To find the intercept of two lines on a graph in MATLAB, you need to define the equations of both lines clearly and then calculate their intersection point. In your case, you have one line defined by the equation for xN_An, and you want to plot it against another line defined by t_v23. As I mentioned define all the parameters used in the equations, such as Vc, fMAX, m, Crr, g, and xe. You have already provided the equation for xN_A which represents the position over time. Afterwards, plot the analytical position and the vertical line at t_v23. To find the intersection, solve the equations of the two lines.

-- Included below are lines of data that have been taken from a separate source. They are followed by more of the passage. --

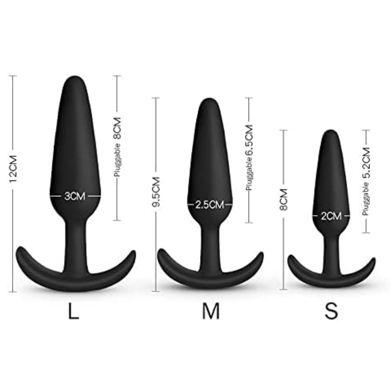 The set includes three graduated sizes—small, medium, and large—allowing users to progress at a comfortable pace. The slim design, tapered tip, and flared safety base make these plugs ideal for first-time users who want a safe, controlled, and relaxing experience.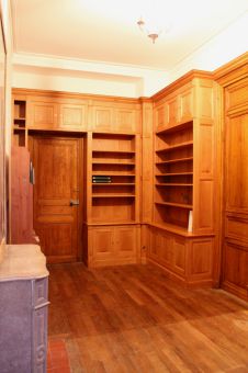 Fabrication en chêne, Finition teintée clair et cirée. L'ensemble est ajusté pour encadrer les portes existantes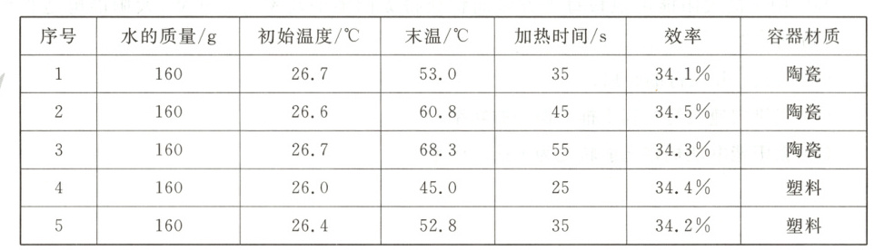 (4)分析实验序号1和5可知,用陶瓷和塑料盛质量相同的水,用相同功率的微波炉加热相同的时间,效率近乎相同,故微波炉的效率与容器的材质无关。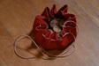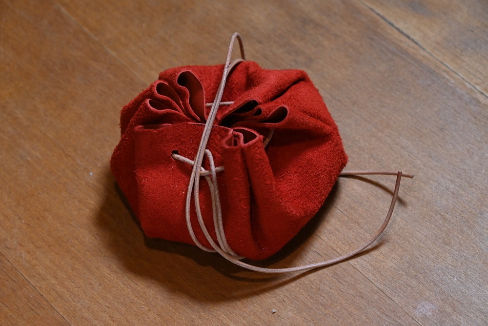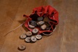 24 Runen aus einem Stock, roter Lederbeutel, hellbraunes Lederband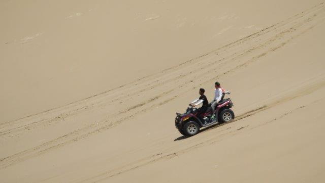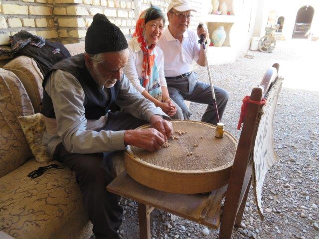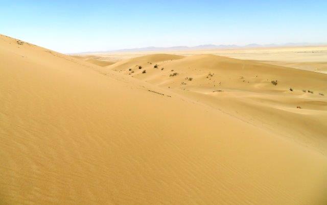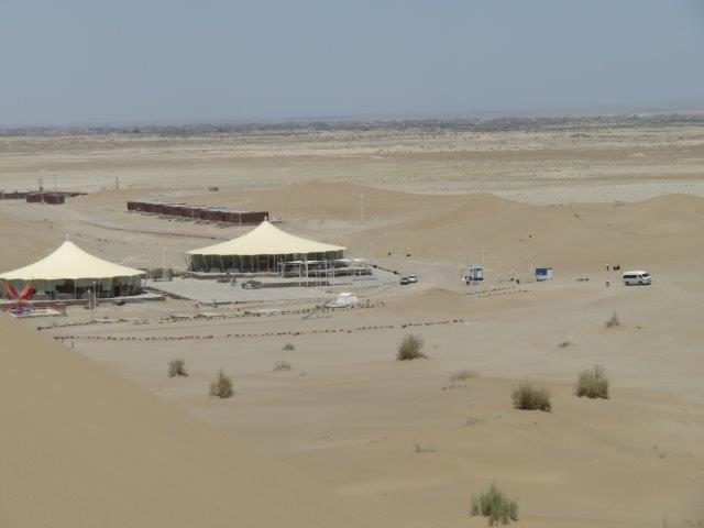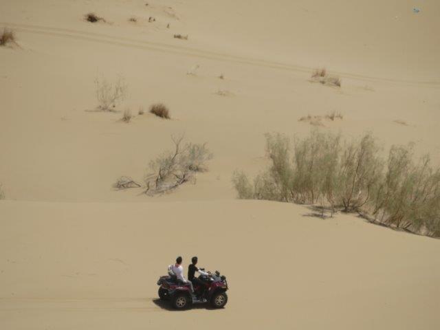 their traditional houses will welcome you. So far there has been nothing to fear in this country. People are always friendly and those who approach us have not done so with the intent pressure us into buy. They are keen to welcome us to their community and ask us where we are from. A local said "everything is forbidden and anything is possible". Can't get Facebook and ByeOil :-( but Wikipedia and yiran are there. Wi-Fi is generally ok at most places but available time is a problem sometimes as sleep comes first. Today we travelled about 300k - temp about 32deg. One highlight was the break at a desert camp and a walk up the sand dunes. At times the sand was unbearably hot around the feet however kneeling with them out for a minute gave enough relief to go a bit further. Nice refreshing breeze at the top. Petrol is about 80c / lt. Restaurant meals about NZ$8-10 Shop takeaway roll of nice stuff about $2. Lots of varieties of dried fruits and nuts to nibble on fill in for meals not really needed. In the balmy evening took a long walk into find the river that runs through the city. Seemed to have taken a wrong direction for a start so checked the phone map & asked a local got back on track and arrived back at the hotel too late.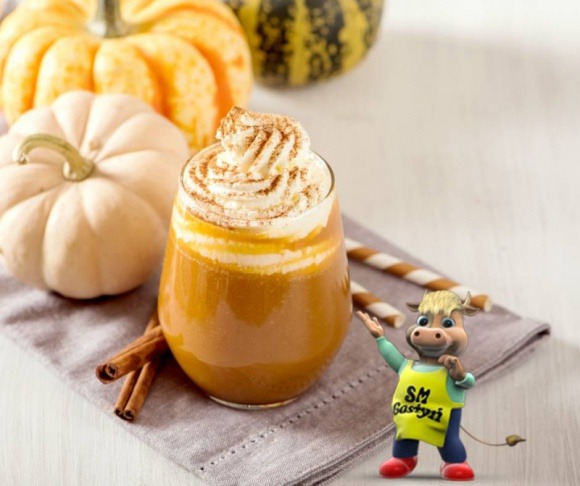 Na dno szklanki wlej 2 łyżki syropu z dyni lub 4 łyżki puree. Dodaj espresso. Następnie dodaj mleko do spieniania od SM Gostyń. Wierzch udekoruj bitą śmietaną, a całość posyp cynamonem lub kardamonem. Smacznego!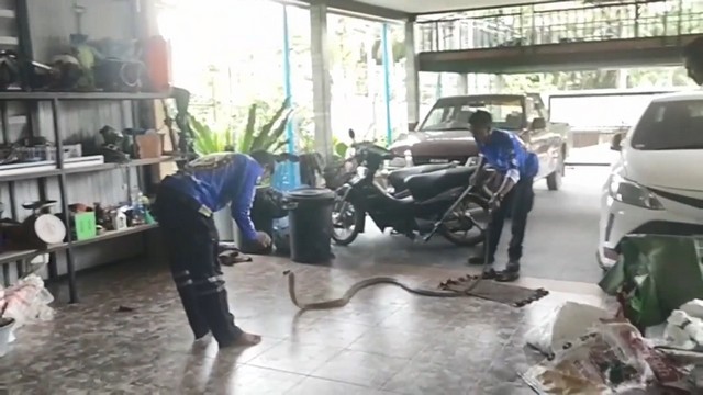 เมื่อเจ้าหน้าที่ไปถึงบ้านที่ได้รับแจ้ง ก็รีบเข้าตรวจสอบที่ใต้ชั้นวางของทันที ก็พบงูตัวใหญ่ นอนขดตัวอยู่ จึงทราบว่าเป็นงูจงอาง เจ้าหน้าที่จึงใช้อุปกรณ์ในการจับงูเข้าทำการจับงูจงอางทันทีโดยใช้เวลาไม่นานนักก็สามารถจับหัวงูจงอางไว้ได้ จึงรีบนำใส่กระสอบเตรียมนำไปปล่อยคืนสู่ป่าธรรมชาติที่อยู่ห่างไกลบ้านเรือนผู้คนต่อไป

Here is the complete MATLAB code that incorporates all the above steps:

% Define parameters
Vc = 5;        % Initial velocity in m/s
fMAX = 10;     % Maximum force in N
m = 2;         % Mass in kg
Crr = 0.01;    % Coefficient of rolling resistance
g = 9.81;      % Acceleration due to gravity in m/s^2
xe = 0;        % Initial position in m
% Calculate t_v23
t_v23 = (23 - Vc) / ((fMAX/m) - Crr * g);
% Time settings
dt = 1;        % Time step
ts = 0;        % Time start
tf = 2;        % Time end
tSim = ts:dt:tf; % Time simulation vector
n = tf/dt;    % Number of time steps
% Calculate analytical position
xN_An = 0.5 * ((fMAX/m) - Crr * g) * tSim.^2 + Vc * tSim + xe; 
% Plotting
figure(1);
plot(tSim, xN_An, '--b', 'LineWidth', 1); % Plot analytical position
hold on;
% Plot vertical line at t_v23
xline(t_v23, '--g', 'LineWidth', 1);
% Define the second line (for example, a linear function)
% Here we assume a simple linear function for demonstration
slope = 2; % Example slope
intercept = 1; % Example y-intercept
line2 = slope * tSim + intercept; % Define the second line
% Plot the second line
plot(tSim, line2, '--r', 'LineWidth', 1);
% Hold off to stop adding to the current plot
hold off;
% Title and labels
title('Distance vs Time (Analytical and Linear)', 'FontSize', 12);
xlabel('Time [s]', 'FontSize', 10);
ylabel('Distance [m]', 'FontSize', 10);
legend('Analytical Position', 't_v23', 'Second Line', 'Location', 'Best');
% Finding the intersection
% We can find the intersection by solving the equations
% xN_An = line2
% Rearranging gives us: 0.5 * ((fMAX/m) - Crr * g) * t^2 + Vc * t + xe - (slope                               * t + intercept) = 0
coeffs = [0.5 * ((fMAX/m) - Crr * g), Vc - slope, xe - intercept];
t_intersect = roots(coeffs); % Find roots of the polynomial
% Display the intersection time
disp('Intersection time(s):');
disp(t_intersect);
% Calculate the intersection point
y_intersect = slope * t_intersect + intercept; % Calculate y value at 
intersection
disp('Intersection point(s):');
disp([t_intersect, y_intersect]);

Please see attached.

In the above code snippet,

  • The parameters are defined at the beginning to ensure clarity and ease of modification.
  • The time vector tSim is created to simulate the time domain.
  • The analytical position is calculated using the provided formula.
  • The analytical position and the second line are plotted, along with a vertical line at t_v23.
  • The intersection is calculated by solving the polynomial formed by equating the two lines.
  • The roots function is used to find the time(s) at which the lines intersect.
  • The intersection times and points are displayed in the command window.

Hope this helps.

If you have any further questions or need additional modifications, feel free to ask!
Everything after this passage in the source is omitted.